What's in the Image? Explorable Decoding of Compressed Images (Oral @ CVPR 2021)
Yuval Bahat, Tomer Michaeli
The ever-growing amounts of visual contents captured on a daily basis necessitate the use of lossy compression methods in order to save storage space and transmission bandwidth. While extensive research efforts are devoted to improving compression techniques, every method inevitably discards information. Especially at low bit rates, this information often corresponds to semantically meaningful visual cues, so that decompression involves significant ambiguity. In spite of this fact, existing decompression algorithms typically produce only a single output, and do not allow the viewer to explore the set of images that map to the given compressed code. In this work we propose the first image decompression method to facilitate user-exploration of the diverse set of natural images that could have given rise to the compressed input code, thus granting users the ability to determine what could and what could not have been there in the original scene. Specifically, we develop a novel deep-network based decoder architecture for the ubiquitous JPEG standard, which allows traversing the set of decompressed images that are consistent with the compressed JPEG file. To allow for simple user interaction, we develop a graphical user interface comprising several intuitive exploration tools, including an automatic tool for examining specific solutions of interest. We exemplify our framework on graphical, medical and forensic use cases, demonstrating its wide range of potential applications.
Spatially-Adaptive Pixelwise Networks for Fast Image Translation (CVPR 2021)
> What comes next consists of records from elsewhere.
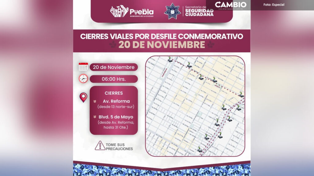De acuerdo con las autoridades, los cierres viales iniciaran a las seis de la mañana del jueves 20 de noviembre en la avenida Reforma, desde la 13 Norte-Sur, y en el bulevar 5 de Mayo hasta la 31 Oriente.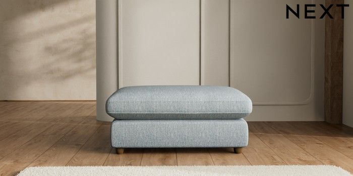 7.2.6 Buy N Premium The Snuggle Grand Extra Large Footstool Chunky Weave Mid Blue Wooden Glide - Mid from the Laura Ashley online shop Click here to use our website with more accessibility support, for example screen readers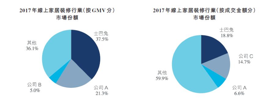 由于互联网本身的特性,线上的集中度明显高于线下。按照GMV(网站总成交额)与成交金额测算,土巴兔都位居第一。但是,以成交金额测算,行业第二名的市场份额已经与公司比较接近。
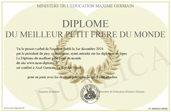 Envoyez par email votre Diplôme du meilleur petit frère du monde personalisé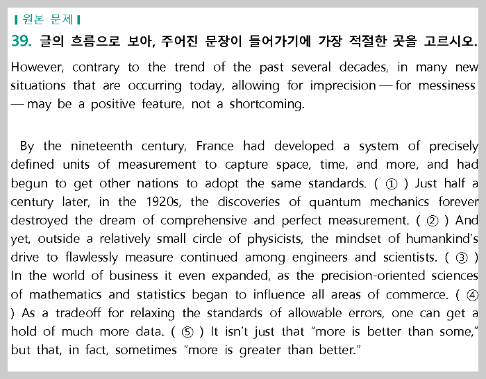2023년 11월 고등학교 2학년 11월 모의고사 39번 문장 넣기 문제에서 '양자 역학'과 관련된 독해 지문이 출제되었습니다.
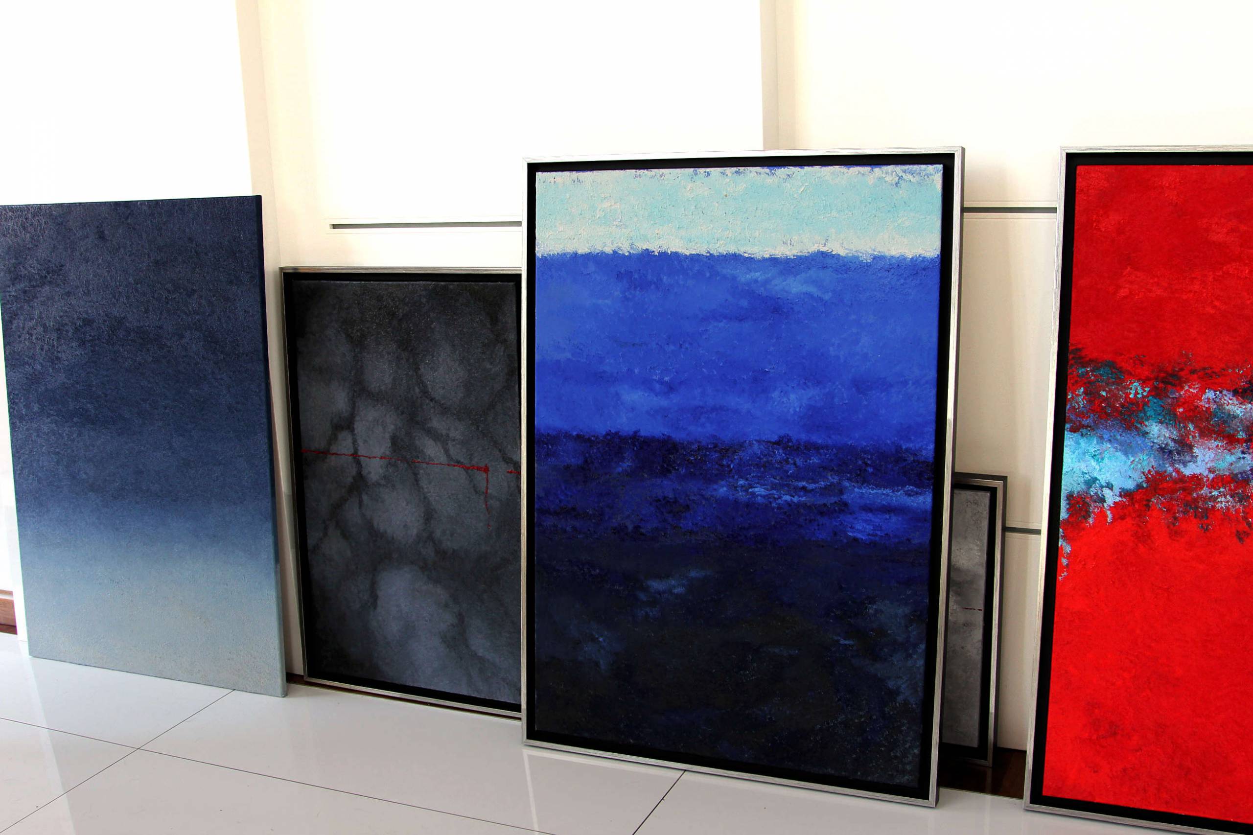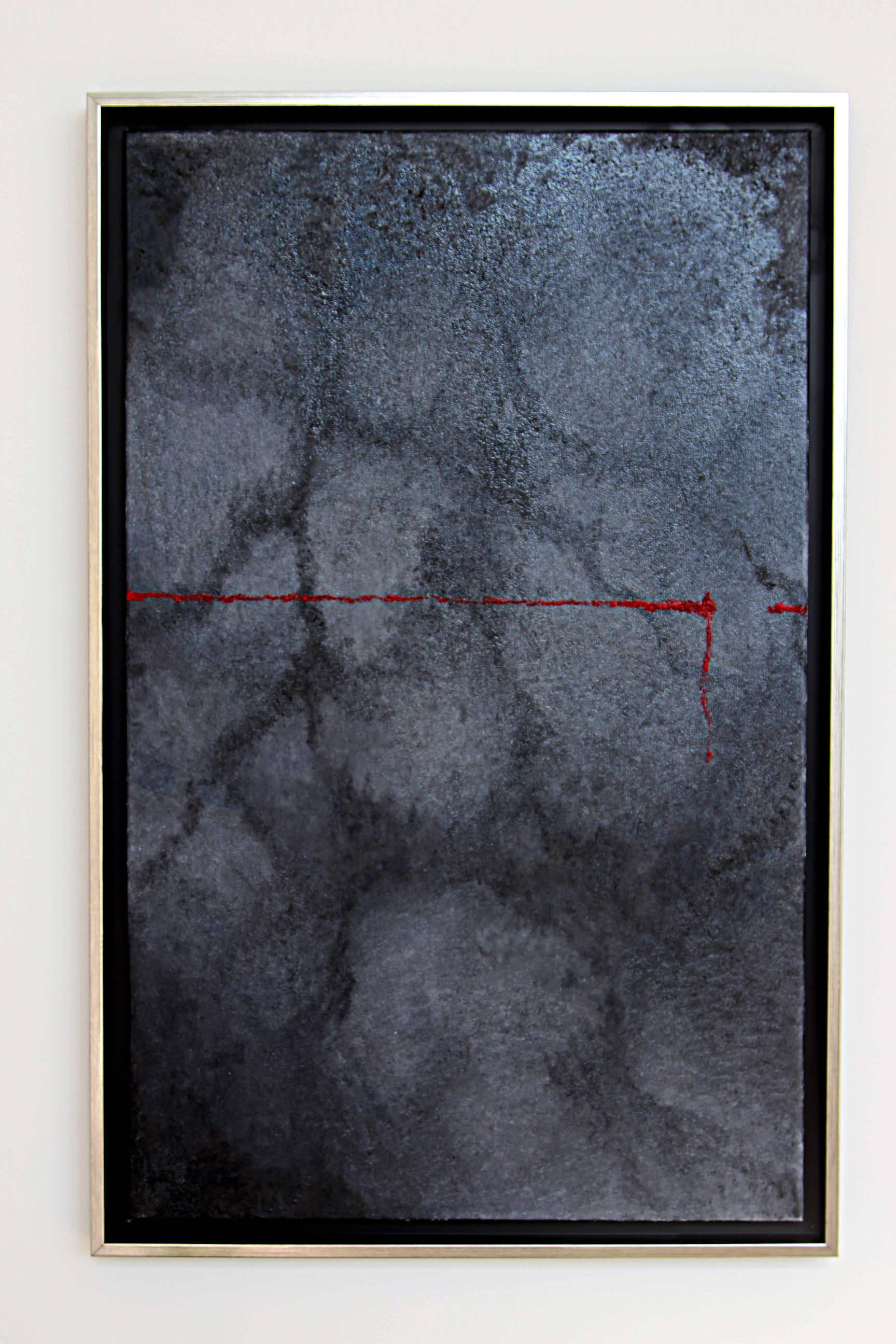 Na obrazie dominuje ciemnoszara tekstura, przypominająca chmury lub nierówną powierzchnię skał. Niebo jest ponure, niemal tajemnicze, wciągając widza w swój głęboki, mroczny świat. Na tle tej głębi pojawia się cienka, czerwona linia, przecinająca obraz w poprzek jak smuga krwi. Taki kontrast przyciąga uwagę, a zarazem dodaje dramatyzmu. Klimat dzieła jest ciężki, niepokojący, jakby coś wisiało w powietrzu. Artysta użył tu minimalistycznych technik, skupiając się na fakturze i kolorze. A może to deszcz i słońce jednocześnie? Użycie czerwonego wprowadza element chaosu, jakby coś ledwo ukrytego miało za chwilę wypłynąć na powierzchnię. Z jednej strony ta krwista linia może być ironiczna, z drugiej strony... może sygnalizować rozdarcie. Patrząc na to dzieło, można poczuć niepokój i zastanawiam się, co jest tuż "behind" tej warstwy terenu. "Czerwony to kolor mojej ulubionej zabawki" - powiedziałoby dziecko. Ikonograficzna prostota pracy pozwala na interpretację na wielu poziomach, a sama kompozycja skłania do długich refleksji.

Tamar Rott Shaham, Michaël Gharbi, Richard Zhang, Eli Shechtman, Tomer Michaeli
We introduce a new generator architecture, aimed at fast and efficient high-resolution image-to-image translation. We design the generator to be an extremely lightweight function of the full-resolution image. In fact, we use pixel-wise networks; that is, each pixel is processed independently of others, through a composition of simple affine transformations and nonlinearities. We take three important steps to equip such a seemingly simple function with adequate expressivity. First, the parameters of the pixel-wise networks are spatially varying, so they can represent a broader function class than simple 1x1 convolutions. Second, these parameters are predicted by a fast convolutional network that processes an aggressively low-resolution representation of the input. Third, we augment the input image by concatenating a sinusoidal encoding of spatial coordinates, which provides an effective inductive bias for generating realistic novel high-frequency image content. As a result, our model is up to 18x faster than state-of-the-art baselines. We achieve this speedup while generating comparable visual quality across different image resolutions and translation domains.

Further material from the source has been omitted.